Speziell der Rang des unterzeichnendes Kämpfers läßt vermuten, dass der Unterzeichner eine Absicht verfolgt, wenn er speziell diesem Kandidaten sein Schwert anbietet.
- Eine Schwertliste stellt das Vertrauen in die Demokaratie auf eklatante Weise bloß.
Dieses ist mE. das schwerwiegenste Argument. Wenn ich in die Basis, in die Demokratie vertraue, dann hat am Ende der gewählte Kandidat meine Unterstützung. Ergo brauche ich das nicht vorher anzukündigen. Der Umkehrschluß aber ist schlimmer: Was, wenn mein Kandidat nicht gewählt wird, sondern einer, dem ich mein “Schwert” nicht gegeben habe? Bekommt dieser dann nicht meine Unterstützung? Wenn doch, warum dann sein Schwert nur Einem geben? Und als Konsequenz, wenn ich mein Schwert in den Dienst der Partei stelle, so ist die von mir unterschriebene Schwertliste der Mitgliedsantrag. Punkt.
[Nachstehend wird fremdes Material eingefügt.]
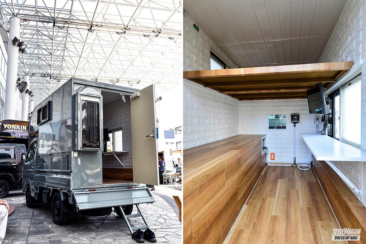 シェルの製造(中のセットアップも含む)のほか、キャンピングカーの貸し出しも行うキャンピングカーゲート東墨田。車中泊にもってこいのRVパークも展開中だ。同社のデモカーは、家庭用エアコンがインストールされているのが最大の特徴。「コレ目当てでウチに来るお客さんが多い」そう。快適性抜群の車中泊を求めるなら、コレは気になるだろう。
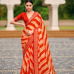 Orange Leheriya Printed Silk Blend Saree With Unstitched Blouse

Relativierend, bleibt am Ende zu erwähnen, dass es überall im Leben um Vertrauen geht und das man dem, den man wählt letztenendes auch Vertrauen muss. Das Korrelieren aller Fakten zu einer Person kann immer noch durch das “Bauchgefühl” überstimmt werden. Wir sind Menschen. Wir brauchen immer Einen, der uns sagt, was wir tun sollen. Das ist unser Fehler.